Ferguson Cop Who Pushes Don Lemon Suspended For Racist Video Rant

racist cop
A police officer in Ferguson who was captured on video pushing CNN’s Don Lemon, a black television host, during live coverage of protests this week in Ferguson, Mo., has been suspended from duty after video of an hour-long racial rant against minority groups, women, liberals and politicians emerged online.
St. Louis County Police Officer Dan Page spewed the vile, strange and extreme rhetoric during an Oath Keepers of St. Louis/St. Charles meeting in April, just months before he was tasked with keeping order among a crowd of majority black protesters in Ferguson, Mo.
Page’s first words to CNN’s Lemon during the continued demonstrations were: “Move out of the way, sir. Move!”
“We’re on national television, so imagine what they’re doing to people when you don’t see it on national television, people who don’t have a voice like we do,” Lemon says as he’s pushed around by Page.
Page was subsequently pushed out the door Friday without pay in response to his all-ethnic, sexist and xenophobic diatribe against hate-crime legislation, the “four sodomites on the Supreme Court,” women and Muslims.
“You’re either gonna go to the ballot box or the bullet box in the next 18 months,” he demands as he decries Missouri’s two Senators.
“Roy Blunt (Republican) and Claire McCaskill (Democrat) won’t even talk to me, they say, ‘you’re an extremist’ and I say, ‘amen!’” the cop raves on video. “And I’m real good with a rifle. My best shot is 1,875 meters, I got me a gold star on that one. You run from me, you’re gonna die tired.”
The disturbing comments, from a police officer no less, continue on to discuss “an undocumented president” from Kenya and his “killer instinct.”
racist cops
Page’s take on domestic violence is startling: “If you don’t like each other that much, just kill each other and get it over with,” he opines. “Problem solved, get it done. Don’t be wasting cops’ time, just shoot each other and get it over with, that’s how I feel about it.”

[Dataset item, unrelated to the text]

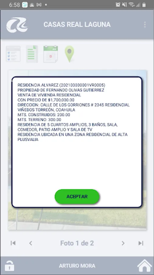 Tool used for the management of real estate services, registration of properties, scheduling appointments for visits,
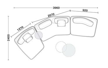 Угловой модульный диван с высоким подголовником и широкими подлокотниками-столешницами - Конфигурация: Г‑образный, состоит из нескольких модулей; возможна перестановка секций для правого/левого уг...

The St. Louis County police chief, Jon Belmar, distanced the department from the hate speech Friday and suspended the outspoken officer.
“He doesn’t represent the rank and file of the St. Louis County Police Department,” Belmar explained to the St. Louis Post-Dispatch.
Page’s suspension was just the latest in a line of law enforcement officers who have gotten themselves in trouble by making controversial comments about the Ferguson unrest.

  • An officer in Glendale, a St. Louis suburb, was suspended Friday as well. Officer Matthew Pappert allegedly posted that he thinks the demonstrators are “a burden on society and a blight on the community” while writing that the “protesters should have been put down like rabid dogs the first night.” In a statement, the Glendale police chief wrote Pappert was “immediately suspended pending the outcome of an internal investigation.”
  • On Wednesday, an officer from suburban St. Ann was suspended after threatening to kill a group of protesters and media members. Officer Ray Alberts was aiming his semi-automatic assault rifle at the group as he told one his name was “go f— yourself.”